BEGIN GIVEN RECORDS

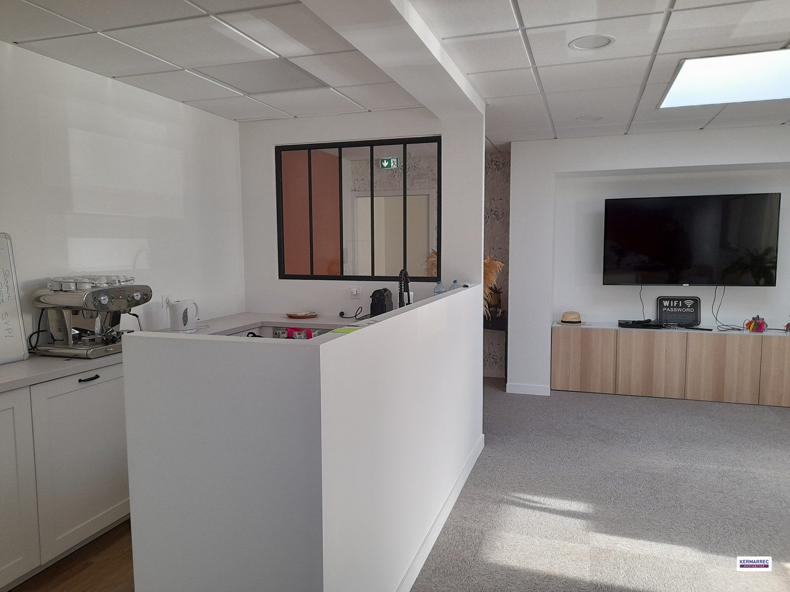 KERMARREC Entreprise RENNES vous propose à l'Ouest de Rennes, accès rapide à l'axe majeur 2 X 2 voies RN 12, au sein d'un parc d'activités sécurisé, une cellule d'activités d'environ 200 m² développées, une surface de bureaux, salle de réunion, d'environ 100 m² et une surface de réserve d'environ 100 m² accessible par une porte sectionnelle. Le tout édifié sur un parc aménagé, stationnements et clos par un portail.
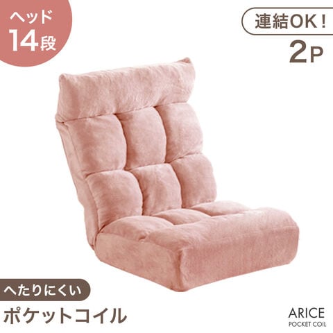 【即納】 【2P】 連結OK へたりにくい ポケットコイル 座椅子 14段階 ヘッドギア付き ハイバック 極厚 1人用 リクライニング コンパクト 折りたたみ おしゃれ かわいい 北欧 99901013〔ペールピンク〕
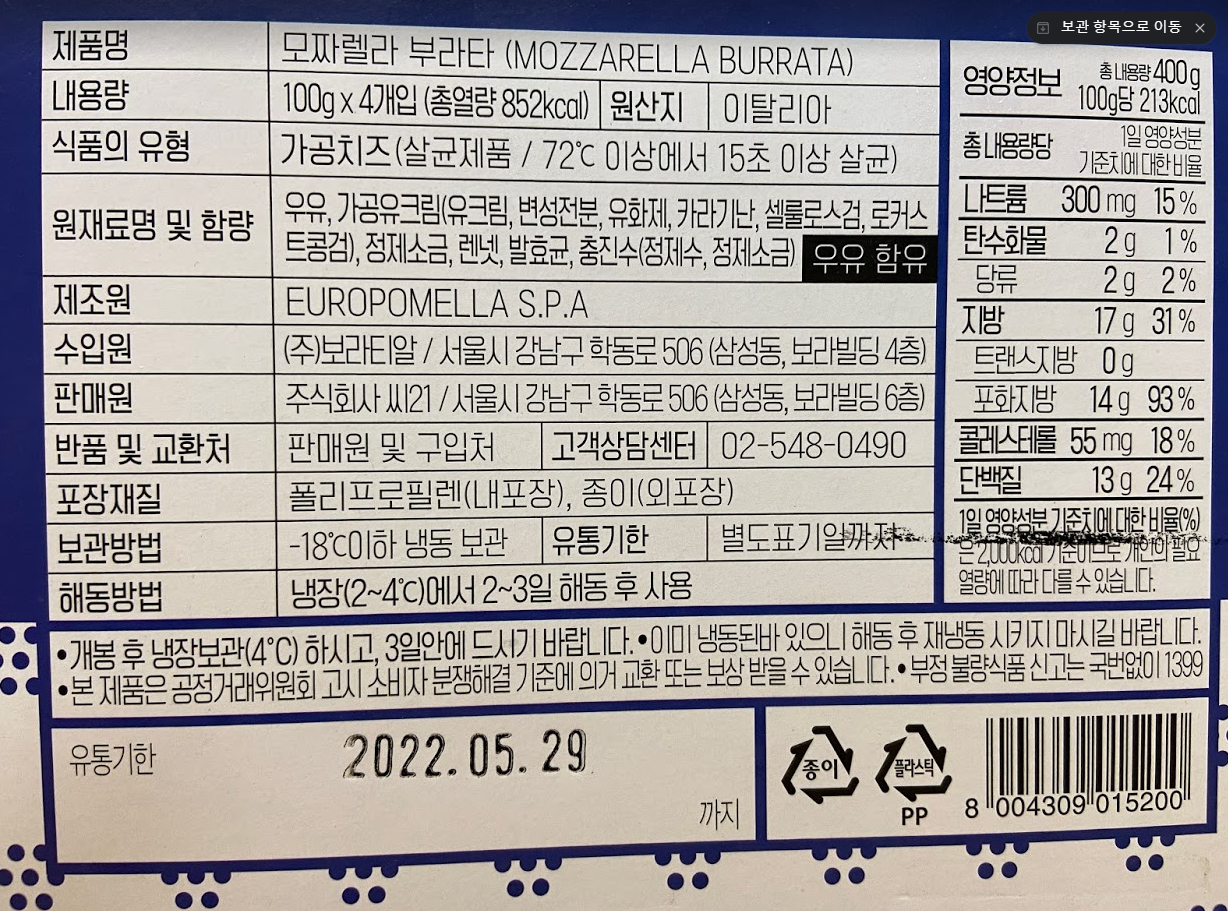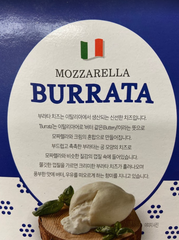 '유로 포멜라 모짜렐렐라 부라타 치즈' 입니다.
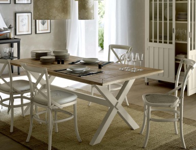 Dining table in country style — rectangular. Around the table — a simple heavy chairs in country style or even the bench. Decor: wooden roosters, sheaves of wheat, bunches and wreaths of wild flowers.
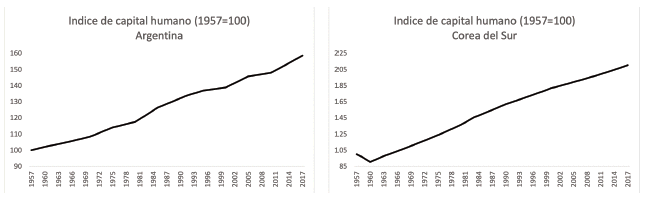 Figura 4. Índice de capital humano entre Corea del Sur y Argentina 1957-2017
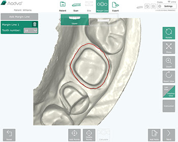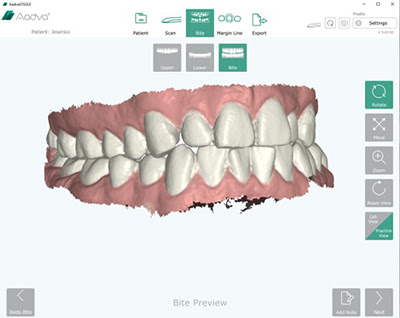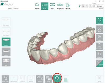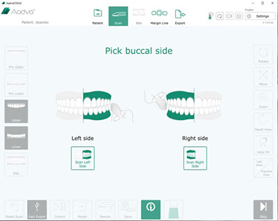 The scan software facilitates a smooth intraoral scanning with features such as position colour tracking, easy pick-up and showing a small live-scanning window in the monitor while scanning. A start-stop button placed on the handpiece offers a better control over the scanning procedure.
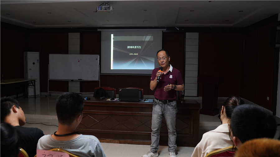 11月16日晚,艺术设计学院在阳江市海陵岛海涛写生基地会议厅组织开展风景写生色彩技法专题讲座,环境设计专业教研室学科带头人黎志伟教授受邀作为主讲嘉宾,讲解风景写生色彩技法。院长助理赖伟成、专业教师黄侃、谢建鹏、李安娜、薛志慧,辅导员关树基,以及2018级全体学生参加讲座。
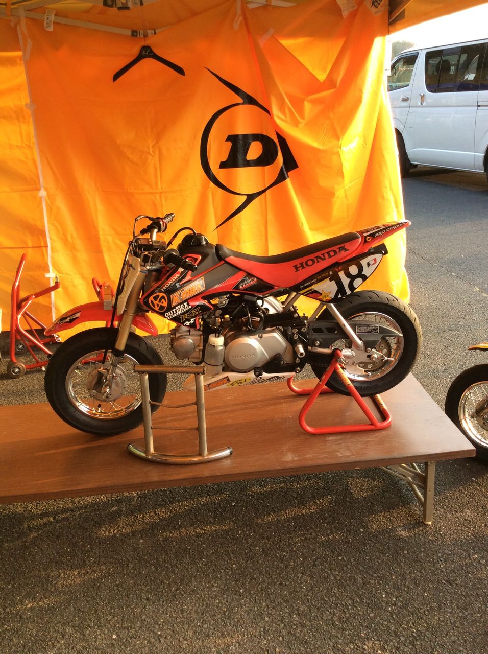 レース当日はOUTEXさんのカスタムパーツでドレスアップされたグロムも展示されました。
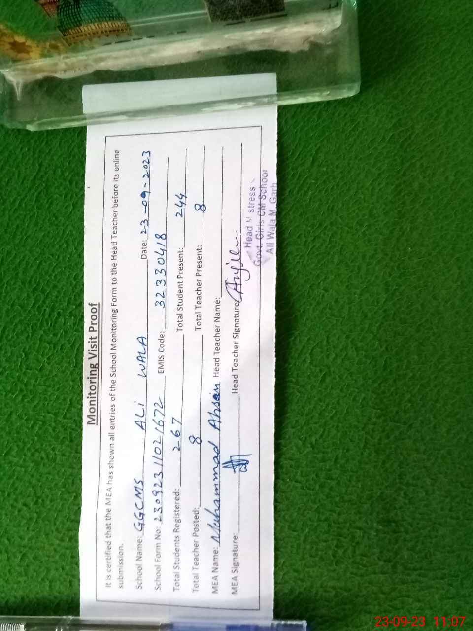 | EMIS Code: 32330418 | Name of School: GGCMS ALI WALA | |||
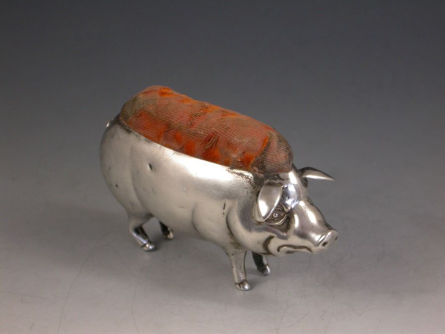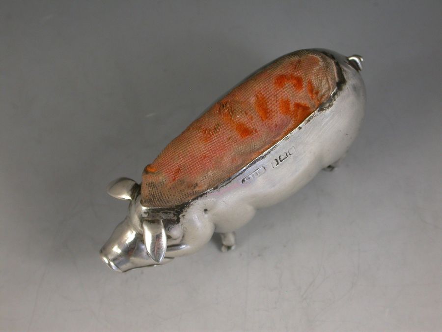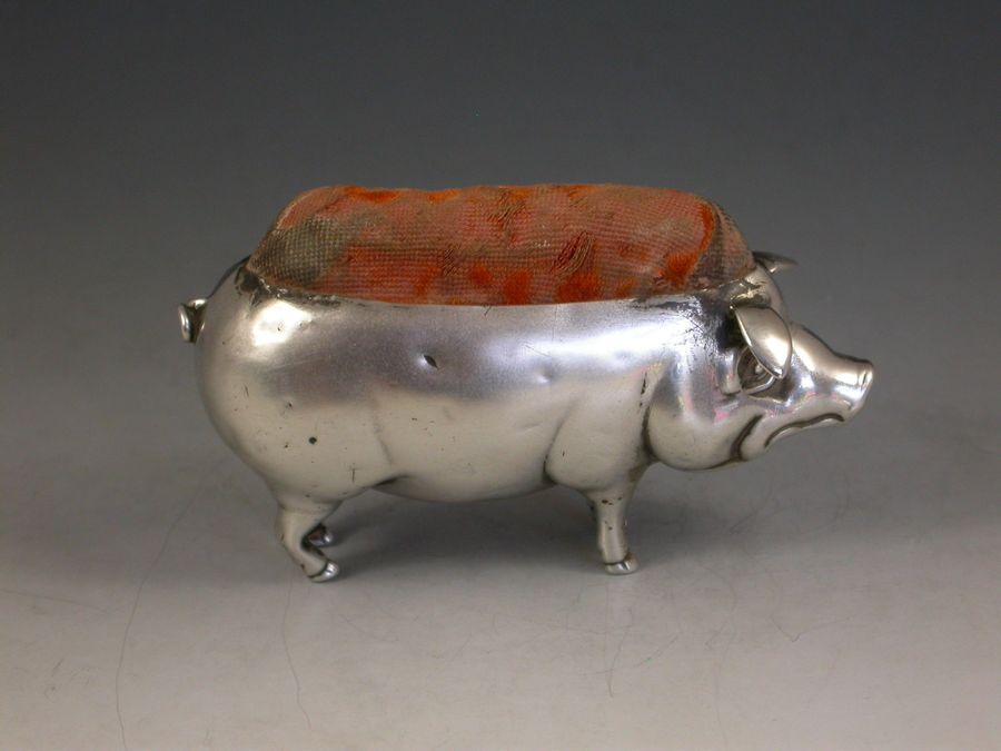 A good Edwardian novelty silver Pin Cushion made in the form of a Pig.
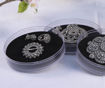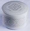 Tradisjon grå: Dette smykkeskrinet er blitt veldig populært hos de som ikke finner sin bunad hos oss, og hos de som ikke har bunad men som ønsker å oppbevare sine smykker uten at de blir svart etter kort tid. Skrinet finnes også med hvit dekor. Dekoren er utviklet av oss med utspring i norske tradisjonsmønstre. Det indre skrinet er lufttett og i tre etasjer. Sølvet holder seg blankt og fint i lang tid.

END GIVEN RECORDS

* TASK OBJECTIVE
All lines from the one containing "Dining table in" through the final line of the records are to be retyped exactly; no other lines and no pictures are to be included.

* ANSWER SECTION
 Dining table in country style — rectangular. Around the table — a simple heavy chairs in country style or even the bench. Decor: wooden roosters, sheaves of wheat, bunches and wreaths of wild flowers.
 Figura 4. Índice de capital humano entre Corea del Sur y Argentina 1957-2017
 The scan software facilitates a smooth intraoral scanning with features such as position colour tracking, easy pick-up and showing a small live-scanning window in the monitor while scanning. A start-stop button placed on the handpiece offers a better control over the scanning procedure.
 11月16日晚,艺术设计学院在阳江市海陵岛海涛写生基地会议厅组织开展风景写生色彩技法专题讲座,环境设计专业教研室学科带头人黎志伟教授受邀作为主讲嘉宾,讲解风景写生色彩技法。院长助理赖伟成、专业教师黄侃、谢建鹏、李安娜、薛志慧,辅导员关树基,以及2018级全体学生参加讲座。
 レース当日はOUTEXさんのカスタムパーツでドレスアップされたグロムも展示されました。
 | EMIS Code: 32330418 | Name of School: GGCMS ALI WALA | |||
 A good Edwardian novelty silver Pin Cushion made in the form of a Pig.
 Tradisjon grå: Dette smykkeskrinet er blitt veldig populært hos de som ikke finner sin bunad hos oss, og hos de som ikke har bunad men som ønsker å oppbevare sine smykker uten at de blir svart etter kort tid. Skrinet finnes også med hvit dekor. Dekoren er utviklet av oss med utspring i norske tradisjonsmønstre. Det indre skrinet er lufttett og i tre etasjer. Sølvet holder seg blankt og fint i lang tid.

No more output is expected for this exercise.